### THE PROBLEM:
Going down the data below, set down exactly the line with "Herzbotschaft Duftkerze, (Gut" and each line after it through the line with "- Invest in"; no other lines.

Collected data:
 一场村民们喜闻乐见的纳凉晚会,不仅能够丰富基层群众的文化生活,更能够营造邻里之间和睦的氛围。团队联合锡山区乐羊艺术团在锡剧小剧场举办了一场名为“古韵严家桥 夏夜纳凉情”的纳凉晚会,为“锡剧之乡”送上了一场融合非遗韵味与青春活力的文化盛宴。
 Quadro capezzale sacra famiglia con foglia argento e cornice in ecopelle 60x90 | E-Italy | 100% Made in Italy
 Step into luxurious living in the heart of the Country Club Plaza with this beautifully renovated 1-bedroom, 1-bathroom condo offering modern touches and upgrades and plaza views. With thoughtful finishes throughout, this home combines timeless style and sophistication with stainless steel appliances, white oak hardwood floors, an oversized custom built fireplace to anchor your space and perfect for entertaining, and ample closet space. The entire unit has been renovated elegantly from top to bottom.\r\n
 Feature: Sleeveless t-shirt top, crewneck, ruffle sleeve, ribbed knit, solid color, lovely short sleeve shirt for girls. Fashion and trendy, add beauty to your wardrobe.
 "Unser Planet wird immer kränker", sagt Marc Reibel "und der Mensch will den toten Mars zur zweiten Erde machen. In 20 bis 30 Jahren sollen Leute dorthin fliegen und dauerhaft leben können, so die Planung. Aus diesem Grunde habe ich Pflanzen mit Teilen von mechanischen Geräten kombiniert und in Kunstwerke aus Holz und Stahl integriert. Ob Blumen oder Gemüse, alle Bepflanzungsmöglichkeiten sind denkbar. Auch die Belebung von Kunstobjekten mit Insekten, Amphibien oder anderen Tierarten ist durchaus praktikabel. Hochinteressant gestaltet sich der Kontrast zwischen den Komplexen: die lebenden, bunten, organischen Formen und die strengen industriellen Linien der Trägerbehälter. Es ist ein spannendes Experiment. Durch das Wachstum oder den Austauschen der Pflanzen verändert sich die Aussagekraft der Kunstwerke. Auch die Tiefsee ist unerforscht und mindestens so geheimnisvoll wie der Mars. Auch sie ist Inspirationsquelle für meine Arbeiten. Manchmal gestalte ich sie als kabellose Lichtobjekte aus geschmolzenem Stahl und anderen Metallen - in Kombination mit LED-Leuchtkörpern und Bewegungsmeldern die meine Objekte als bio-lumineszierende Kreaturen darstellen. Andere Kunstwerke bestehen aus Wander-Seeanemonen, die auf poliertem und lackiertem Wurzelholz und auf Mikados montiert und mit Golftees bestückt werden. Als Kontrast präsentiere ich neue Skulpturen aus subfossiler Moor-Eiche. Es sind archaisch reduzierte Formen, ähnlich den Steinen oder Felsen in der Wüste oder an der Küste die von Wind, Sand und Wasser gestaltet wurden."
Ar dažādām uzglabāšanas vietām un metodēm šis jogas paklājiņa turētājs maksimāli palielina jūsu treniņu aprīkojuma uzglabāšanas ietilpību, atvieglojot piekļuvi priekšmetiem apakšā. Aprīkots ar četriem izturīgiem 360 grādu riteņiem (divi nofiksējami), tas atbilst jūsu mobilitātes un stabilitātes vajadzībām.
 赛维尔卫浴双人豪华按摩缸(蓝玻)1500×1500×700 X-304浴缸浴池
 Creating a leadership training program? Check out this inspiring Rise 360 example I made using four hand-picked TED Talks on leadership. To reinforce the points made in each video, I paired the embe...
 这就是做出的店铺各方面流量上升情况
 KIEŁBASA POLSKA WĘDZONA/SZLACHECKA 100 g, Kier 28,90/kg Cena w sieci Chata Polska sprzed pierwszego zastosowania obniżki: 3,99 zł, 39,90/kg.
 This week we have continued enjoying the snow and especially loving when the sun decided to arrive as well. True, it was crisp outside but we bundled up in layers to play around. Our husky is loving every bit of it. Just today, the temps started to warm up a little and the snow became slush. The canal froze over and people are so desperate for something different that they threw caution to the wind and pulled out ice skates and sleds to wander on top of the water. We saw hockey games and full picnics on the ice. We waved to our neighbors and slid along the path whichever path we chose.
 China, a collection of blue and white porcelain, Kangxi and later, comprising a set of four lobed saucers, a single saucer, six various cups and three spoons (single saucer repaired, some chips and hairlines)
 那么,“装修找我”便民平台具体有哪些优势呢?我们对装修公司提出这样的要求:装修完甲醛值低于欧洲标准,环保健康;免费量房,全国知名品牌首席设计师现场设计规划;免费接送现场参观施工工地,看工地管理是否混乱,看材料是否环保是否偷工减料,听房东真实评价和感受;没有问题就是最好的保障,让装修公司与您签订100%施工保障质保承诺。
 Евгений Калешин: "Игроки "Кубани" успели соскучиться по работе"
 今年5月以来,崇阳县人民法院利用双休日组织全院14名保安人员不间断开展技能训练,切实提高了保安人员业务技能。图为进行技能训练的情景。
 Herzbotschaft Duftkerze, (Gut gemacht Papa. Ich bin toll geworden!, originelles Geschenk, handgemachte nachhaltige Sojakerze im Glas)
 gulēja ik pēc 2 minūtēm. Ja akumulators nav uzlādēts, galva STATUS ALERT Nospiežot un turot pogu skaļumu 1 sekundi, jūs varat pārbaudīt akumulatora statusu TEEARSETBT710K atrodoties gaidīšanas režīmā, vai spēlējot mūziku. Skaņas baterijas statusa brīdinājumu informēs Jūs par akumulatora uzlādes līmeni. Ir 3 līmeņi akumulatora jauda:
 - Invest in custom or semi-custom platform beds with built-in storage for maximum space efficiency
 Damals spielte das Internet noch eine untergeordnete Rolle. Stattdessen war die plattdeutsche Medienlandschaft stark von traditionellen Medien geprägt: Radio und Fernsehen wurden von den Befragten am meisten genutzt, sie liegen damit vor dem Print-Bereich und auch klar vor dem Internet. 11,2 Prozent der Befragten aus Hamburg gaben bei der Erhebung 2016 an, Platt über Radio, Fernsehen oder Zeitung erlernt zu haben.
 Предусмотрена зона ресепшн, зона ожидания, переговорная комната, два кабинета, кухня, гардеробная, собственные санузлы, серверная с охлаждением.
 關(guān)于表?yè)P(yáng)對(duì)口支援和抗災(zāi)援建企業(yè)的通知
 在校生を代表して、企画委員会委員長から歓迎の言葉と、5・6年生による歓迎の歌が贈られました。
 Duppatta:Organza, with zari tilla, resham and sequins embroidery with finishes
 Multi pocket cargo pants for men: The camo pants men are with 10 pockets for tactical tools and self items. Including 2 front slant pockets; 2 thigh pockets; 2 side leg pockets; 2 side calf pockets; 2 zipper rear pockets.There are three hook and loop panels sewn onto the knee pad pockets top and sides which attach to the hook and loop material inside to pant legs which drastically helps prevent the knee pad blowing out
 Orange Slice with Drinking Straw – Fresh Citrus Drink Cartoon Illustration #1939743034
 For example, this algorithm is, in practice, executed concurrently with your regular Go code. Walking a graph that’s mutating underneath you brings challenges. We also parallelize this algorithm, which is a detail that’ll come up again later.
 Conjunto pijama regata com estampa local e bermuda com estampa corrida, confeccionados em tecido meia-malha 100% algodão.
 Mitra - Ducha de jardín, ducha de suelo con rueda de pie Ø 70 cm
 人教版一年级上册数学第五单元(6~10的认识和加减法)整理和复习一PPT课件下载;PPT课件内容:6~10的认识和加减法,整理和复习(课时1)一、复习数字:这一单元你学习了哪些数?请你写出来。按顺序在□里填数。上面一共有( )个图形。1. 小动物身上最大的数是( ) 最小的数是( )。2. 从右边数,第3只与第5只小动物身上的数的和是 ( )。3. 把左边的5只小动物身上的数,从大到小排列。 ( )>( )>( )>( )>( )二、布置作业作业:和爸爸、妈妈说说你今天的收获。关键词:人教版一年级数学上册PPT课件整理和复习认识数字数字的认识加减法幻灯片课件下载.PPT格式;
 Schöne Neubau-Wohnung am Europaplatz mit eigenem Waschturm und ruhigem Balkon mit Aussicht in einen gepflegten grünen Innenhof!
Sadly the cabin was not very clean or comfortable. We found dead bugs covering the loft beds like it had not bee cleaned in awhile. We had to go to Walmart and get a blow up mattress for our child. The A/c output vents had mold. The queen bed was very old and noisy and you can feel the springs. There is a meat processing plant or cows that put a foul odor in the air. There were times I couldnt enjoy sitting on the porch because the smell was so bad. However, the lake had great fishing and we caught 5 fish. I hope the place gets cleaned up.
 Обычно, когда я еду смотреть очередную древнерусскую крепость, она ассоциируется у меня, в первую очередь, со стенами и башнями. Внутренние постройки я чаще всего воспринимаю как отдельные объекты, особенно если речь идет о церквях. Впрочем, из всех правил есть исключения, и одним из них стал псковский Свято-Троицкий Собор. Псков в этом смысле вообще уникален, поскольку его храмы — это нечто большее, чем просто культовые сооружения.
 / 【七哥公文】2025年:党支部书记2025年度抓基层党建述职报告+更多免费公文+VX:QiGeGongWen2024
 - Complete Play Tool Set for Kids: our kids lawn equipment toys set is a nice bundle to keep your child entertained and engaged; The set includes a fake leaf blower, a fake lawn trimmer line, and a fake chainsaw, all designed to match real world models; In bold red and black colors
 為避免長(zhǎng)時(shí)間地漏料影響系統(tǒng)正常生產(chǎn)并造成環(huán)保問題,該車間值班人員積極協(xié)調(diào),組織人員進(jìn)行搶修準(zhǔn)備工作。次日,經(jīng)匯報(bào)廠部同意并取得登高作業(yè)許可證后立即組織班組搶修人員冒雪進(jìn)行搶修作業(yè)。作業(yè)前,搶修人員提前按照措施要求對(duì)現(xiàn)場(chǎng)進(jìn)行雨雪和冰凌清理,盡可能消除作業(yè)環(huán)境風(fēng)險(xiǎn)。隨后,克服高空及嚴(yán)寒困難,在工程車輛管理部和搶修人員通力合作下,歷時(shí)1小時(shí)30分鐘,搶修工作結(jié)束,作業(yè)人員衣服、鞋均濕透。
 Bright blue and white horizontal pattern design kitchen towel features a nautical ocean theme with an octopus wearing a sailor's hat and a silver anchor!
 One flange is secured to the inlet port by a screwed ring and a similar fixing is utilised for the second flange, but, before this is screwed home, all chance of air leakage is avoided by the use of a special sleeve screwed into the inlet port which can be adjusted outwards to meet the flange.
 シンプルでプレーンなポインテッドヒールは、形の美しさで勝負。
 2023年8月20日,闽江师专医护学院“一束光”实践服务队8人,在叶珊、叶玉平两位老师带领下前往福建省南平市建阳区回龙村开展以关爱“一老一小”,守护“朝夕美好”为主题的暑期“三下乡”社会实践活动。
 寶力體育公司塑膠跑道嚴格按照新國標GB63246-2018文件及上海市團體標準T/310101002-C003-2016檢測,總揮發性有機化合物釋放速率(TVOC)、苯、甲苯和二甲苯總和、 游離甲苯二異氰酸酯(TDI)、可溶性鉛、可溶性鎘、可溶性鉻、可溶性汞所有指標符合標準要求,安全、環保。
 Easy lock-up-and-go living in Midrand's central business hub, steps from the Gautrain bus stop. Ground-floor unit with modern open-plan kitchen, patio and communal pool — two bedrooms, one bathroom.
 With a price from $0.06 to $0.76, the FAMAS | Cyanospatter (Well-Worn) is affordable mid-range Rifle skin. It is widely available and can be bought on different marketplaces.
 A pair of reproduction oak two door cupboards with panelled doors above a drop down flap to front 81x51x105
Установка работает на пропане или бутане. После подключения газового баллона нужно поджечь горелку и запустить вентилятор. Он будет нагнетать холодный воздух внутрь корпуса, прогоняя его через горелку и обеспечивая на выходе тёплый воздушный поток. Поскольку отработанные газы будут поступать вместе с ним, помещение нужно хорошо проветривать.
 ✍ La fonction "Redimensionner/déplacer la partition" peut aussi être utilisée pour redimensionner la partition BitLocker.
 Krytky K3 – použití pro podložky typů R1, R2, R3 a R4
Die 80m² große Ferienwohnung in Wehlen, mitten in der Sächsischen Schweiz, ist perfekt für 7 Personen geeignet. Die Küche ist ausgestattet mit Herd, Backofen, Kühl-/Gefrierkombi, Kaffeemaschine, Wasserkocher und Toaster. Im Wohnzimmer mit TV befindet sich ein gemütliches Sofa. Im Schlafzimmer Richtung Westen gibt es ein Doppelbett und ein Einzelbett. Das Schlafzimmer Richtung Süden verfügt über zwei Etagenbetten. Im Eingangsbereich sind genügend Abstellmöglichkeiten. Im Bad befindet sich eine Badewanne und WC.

### SOLVED PROBLEM:
 Herzbotschaft Duftkerze, (Gut gemacht Papa. Ich bin toll geworden!, originelles Geschenk, handgemachte nachhaltige Sojakerze im Glas)
 gulēja ik pēc 2 minūtēm. Ja akumulators nav uzlādēts, galva STATUS ALERT Nospiežot un turot pogu skaļumu 1 sekundi, jūs varat pārbaudīt akumulatora statusu TEEARSETBT710K atrodoties gaidīšanas režīmā, vai spēlējot mūziku. Skaņas baterijas statusa brīdinājumu informēs Jūs par akumulatora uzlādes līmeni. Ir 3 līmeņi akumulatora jauda:
 - Invest in custom or semi-custom platform beds with built-in storage for maximum space efficiency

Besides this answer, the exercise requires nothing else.